# [Try it]
Retype all of the data word for word, without pictures.

------ Dataset excerpt

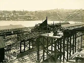 The second Lavender Bay Station was a redesign of the first station, and came into use on 27 April 1924. This station was necessary because a contract had been let for the construction of the Sydney Harbour Bridge and the Milsons Point land was required for workshops associated with the construction. The second Lavender Bay station was a terminus as the lines to Milsons Point were actually removed. Thus it was a more passenger-friendly version of its predecessor. The electric tram terminus was also moved to Glen Street on the cliff above the station.[2] Lifts and escalators, the first in Australia,[3] were installed.
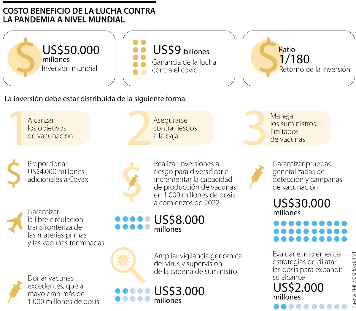 En esa línea, la receta del organismo internacional para superar la pandemia propone distribuir los US$50.000 millones requeridos en tres objetivos principales: alcanzar las metas de vacunación establecidas; asegurarse contra riesgos a la baja; y manejar el limitado suministro de vacunas.
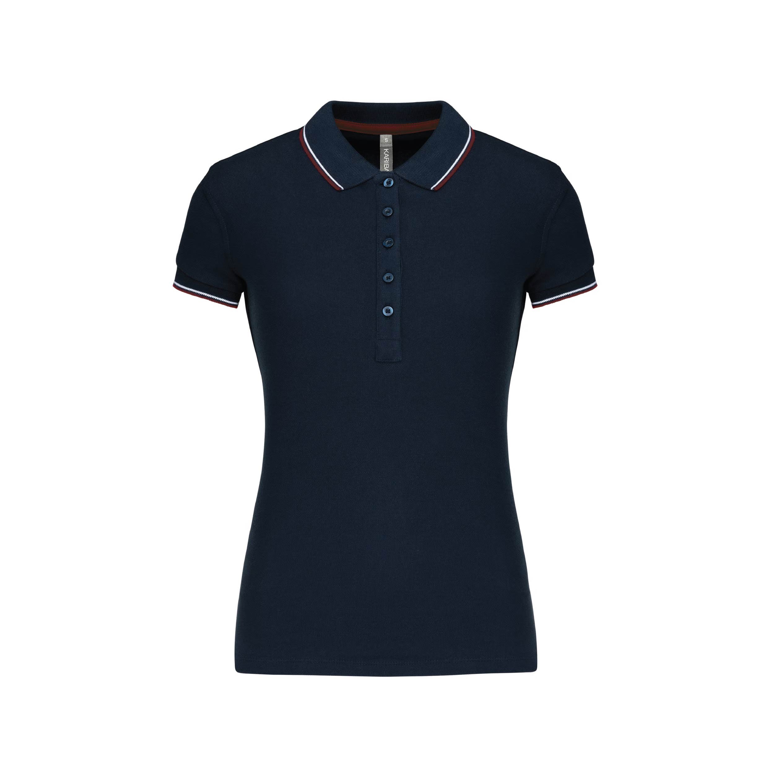 DU XS au XXL. Le polo maille piquée manches courtes pour femme est un vêtement élégant et confortable, idéal pour les événements, campagnes marketing et cadeaux d’entreprise. Confectionné en coton piqué doux, avec rayures tricolores contrastées au col et aux manches, il combine style chic et confort durable. La patte de boutonnage à 5 boutons, bande de propreté à l’encolure et fentes latérales contrastées, ainsi que la double aiguille au bas du vêtement, garantissent un look soigné et fonctionnel. Un support promotionnel haut de gamme qui valorise votre marque auprès de clients, prospects et collaborateurs. Prix unitaire indicatif (sans marquage)

------------

# [Exercise output]
 The second Lavender Bay Station was a redesign of the first station, and came into use on 27 April 1924. This station was necessary because a contract had been let for the construction of the Sydney Harbour Bridge and the Milsons Point land was required for workshops associated with the construction. The second Lavender Bay station was a terminus as the lines to Milsons Point were actually removed. Thus it was a more passenger-friendly version of its predecessor. The electric tram terminus was also moved to Glen Street on the cliff above the station.[2] Lifts and escalators, the first in Australia,[3] were installed.
 En esa línea, la receta del organismo internacional para superar la pandemia propone distribuir los US$50.000 millones requeridos en tres objetivos principales: alcanzar las metas de vacunación establecidas; asegurarse contra riesgos a la baja; y manejar el limitado suministro de vacunas.
 DU XS au XXL. Le polo maille piquée manches courtes pour femme est un vêtement élégant et confortable, idéal pour les événements, campagnes marketing et cadeaux d’entreprise. Confectionné en coton piqué doux, avec rayures tricolores contrastées au col et aux manches, il combine style chic et confort durable. La patte de boutonnage à 5 boutons, bande de propreté à l’encolure et fentes latérales contrastées, ainsi que la double aiguille au bas du vêtement, garantissent un look soigné et fonctionnel. Un support promotionnel haut de gamme qui valorise votre marque auprès de clients, prospects et collaborateurs. Prix unitaire indicatif (sans marquage)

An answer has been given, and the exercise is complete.